BRITAIN’S “STOLEN” CHILDREN
P15
When did child migration begin?
The earliest recorded British child migrants left Britain for Virginia in 1618, but most of them were sent in the late 19th and the 20th centuries. Exact figures are hard to come by, but it seems that between 130,000 and 150,000 children – usually orphaned, abandoned, illegitimate, or just poor – were sent to live in foster homes and institutions in the colonies: mostly Canada, Australia, New Zealand and Southern Rhodesia (now Zimbabwe). In the last big postwar wave, which ended in 1970, at least 3,000 children were sent to Australia.
Why were they sent there?
For a range of reasons. British officials wanted to reduce the costs to the state of looking after destitute children. There were also labour shortages in the colonies, and the imperial authorities were keen to populate them with “good white stock”. “If we do not supply from our own stock, we are leaving ourselves all the more exposed to the menace of the teeming millions of our neighbouring Asiatic races,” said the Archbishop of Perth, welcoming child migrants to Australia in 1938. Many of the organisations that ran child migration, however, did so for benevolent purposes; to provide children with a better life in the colonies. In 1870, Dr Thomas Barnardo spoke of rescuing children from “abominable filth” and “atmospheric impurity”.
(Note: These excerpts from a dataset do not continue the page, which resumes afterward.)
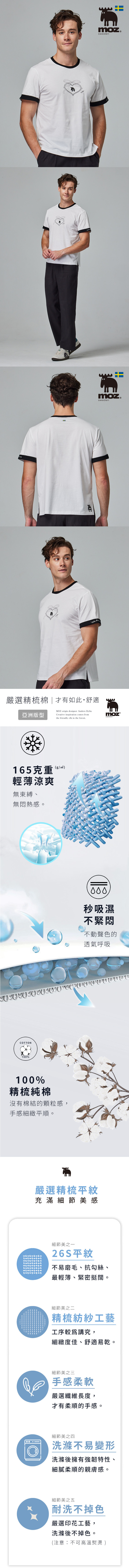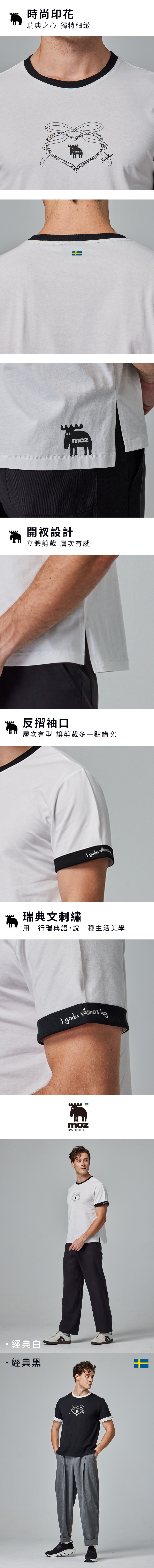moz瑞典 駝鹿 瑞典之心 舒適柔棉 100%純棉短T-袖口反摺刺繡-經典白(亞洲版)男款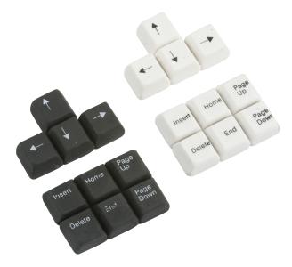Sudd i 10-pack som ser ut som tangenter. Finns i svart eller vitt.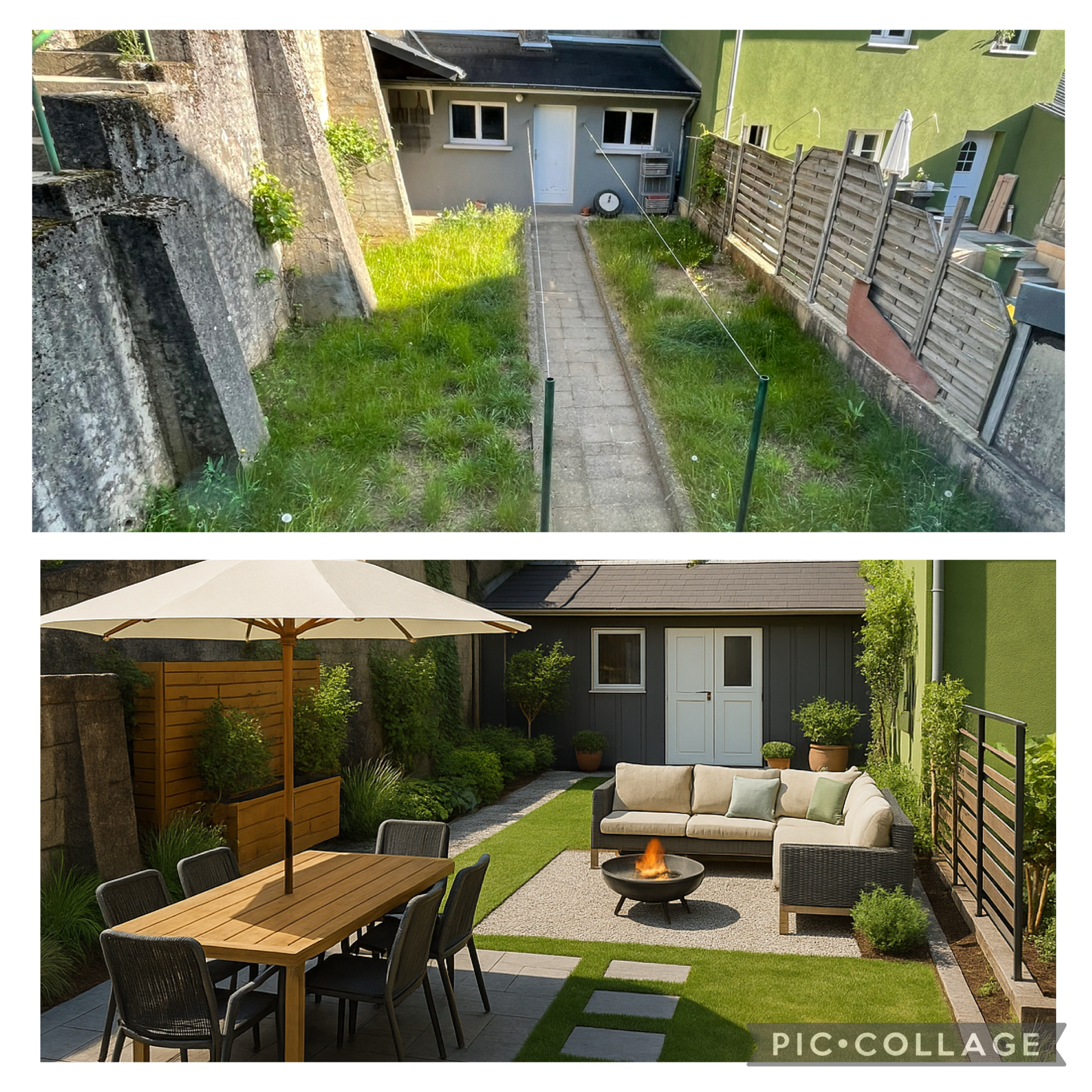Je voudrais réaménager mon jardin. 1ère photo=état actuel,2ème photo = idée d‘un projet réalisé. Puisqu‘on n‘atteint le jardin que par le garage,j‘aurai aimé la possibilité de construire un accès d‘escaliers depuis le premier étage.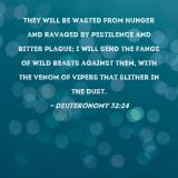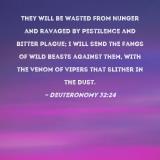 They will be wasted from hunger and ravaged by pestilence and bitter plague; I will send the fangs of wild beasts against them, with the venom of vipers that slither in the dust.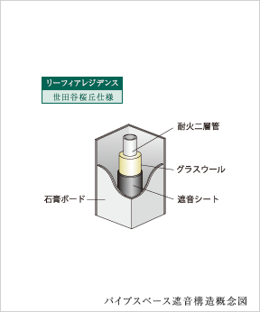 住戸内排水竪管の通るパイプスペースで、居室に隣接する部分には、排水竪管にグラスウールと遮音シートを巻き付けた上、石膏ボードを2枚貼りとした遮音対策が施されています。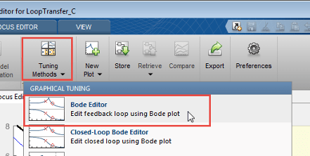 В приложении в раскрывающемся списке Методы настройки выберите Bode Editor.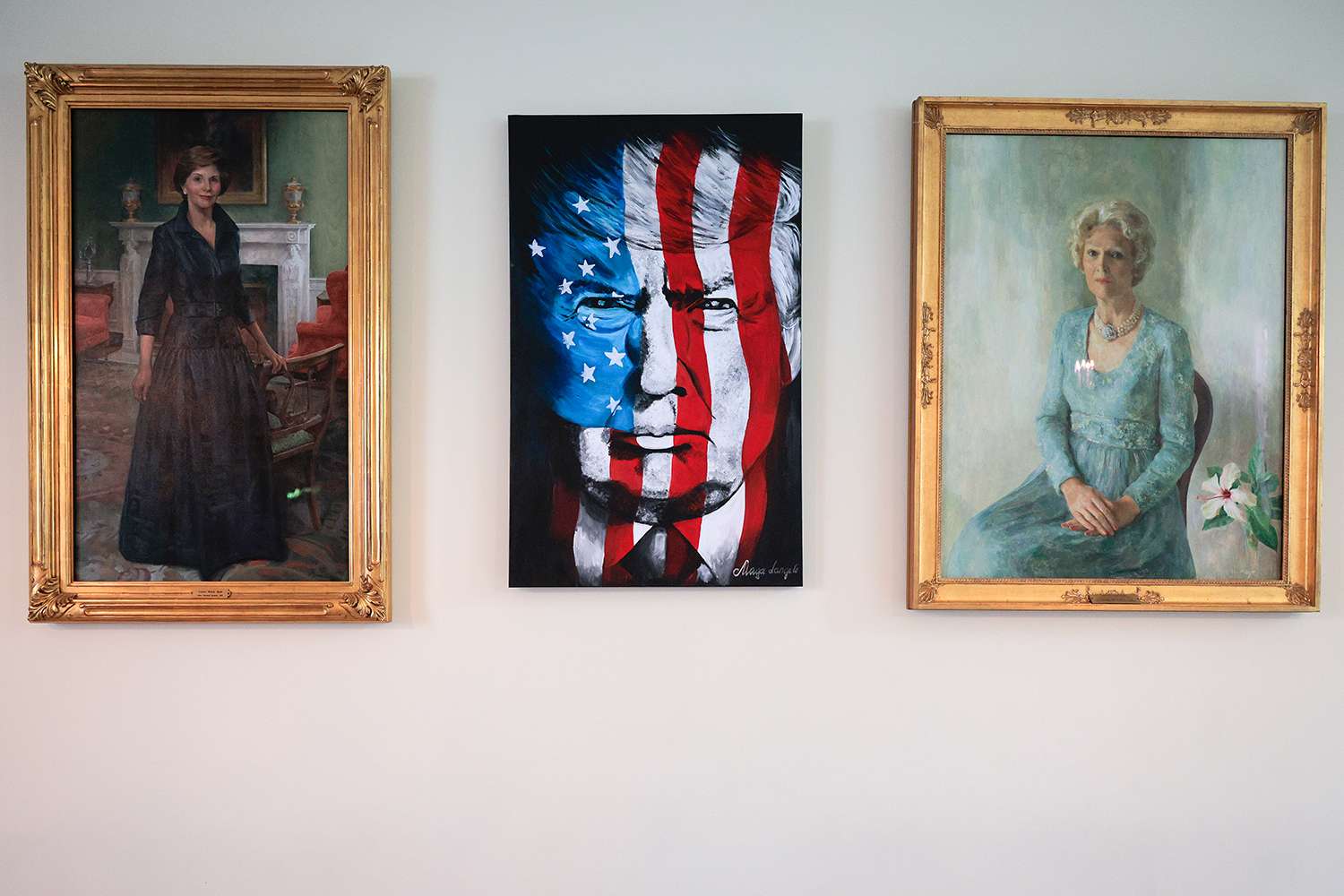 Then, crammed in between Nixon and a portrait of another former first lady, Laura Bush, a new portrait was added: a depiction of Trump’s face overlaid with the American flag.

How were they removed from their families?
Boys and girls, mostly between the ages of seven and ten, but some as young as two, were shipped overseas by charitable and religious organisations including the Fairbridge Society, Barnardo’s, the Church of England and various Catholic groups. The consent of a parent or guardian was sought in some, but by no means all, cases. Many children were removed without their parents’ knowledge, and told they were going to a “land of milk and honey”. To enable them to make a new start, it was seen as being advantageous to cut family ties: some children, wrongly told they were orphans, were separated from siblings and deprived of basic details about their identities. Birth certificates were often shortened to omit details of parents. As a result, many migrants regard themselves as having been “stolen”.
What happened to them abroad?
It varied from country to country. At least 100,000 “home children” were sent to Canada to work as agricultural labourers and domestic servants, before child migration was stopped there in 1948. They were essentially used as indentured labour, often under very harsh conditions. Canadian home children’s charities estimate that only 2% were actually orphans: more than half were abused; they were also stigmatised, as being of “inferior stock”. New Zealand had the smallest and best-run scheme, with some 550 children sent to foster homes. Nevertheless, many have complained of maltreatment and loneliness. In Australia, most were sent to isolated rural institutions that have since become notorious.
Why are these homes notorious?
Hundreds of former migrant children have given reports of poor food, hard labour, beatings and sexual abuse. In 2015, 215 former students of the Fairbridge Farm School in Molong, New South Wales, were awarded $24m (£15m) in compensation; 129 of them alleged sexual abuse. One man told of spending three years in hospital with a broken back after the principal beat him with a hockey stick for milking the cows late; he was also raped. Another victim said conditions were akin to “slavery”. In the homes run by the Christian Brothers, conditions were even worse (see box). A 1998 House of Commons Health Select Committee report found that sexual abuse was widespread, systematic and exceptionally depraved. The Child Migrants Trust described these institutions as “almost the full realisation of a paedophile’s dream”.
Did all those in the homes suffer?
Not all. But according to the Select Committee report, “most former child migrants seem to have been subjected to considerable hardship of one form or another”. One graduate of Fairbridge Molong, David Hill, a former managing director of the Australian Broadcasting Corporation and the author of a book on the school, found that 60% of those he interviewed said they had been sexually abused. The Australian Royal Commission into Child Abuse recently revealed that 853 people have accused the Christian Brothers of abusing them at their institutions.
How did these injustices come to light?
Thanks in no small part to the Child Migrants Trust. It was formed by Margaret Humphreys, a social worker who was contacted in 1986 by an Australian former child migrant looking for her parents. Humphreys went to Australia and placed newspaper ads asking others to come forward. She got a flood of responses: the Trust has since reunited thousands of migrants with their families. It also campaigns for recognition and reparations. Both the Australian and UK governments have issued formal apol
ogies, in 2009 and 2010 respectively.
What does the new inquiry hope to achieve?
The Independent Inquiry into Child Sexual Abuse (IICSA) is investigating child migration programmes from 1947 onwards, as one of its 13 investigations. Chair Professor Alexis Jay and her panel last month began to hold public hearings, in order to give victims a voice and to undertake a “sustained and specific analysis of allegations of sexual abuse of child migrants, and possible failings by institutions based in England and Wales in relation to that abuse”. It has emerged that in 1956, three British officials inspected 26 Australian institutions, and gave clear warnings of poor standards; no effective action was taken. As many former migrants are nearing the end of their lives, the IICSA regards this strand as “particularly urgent”.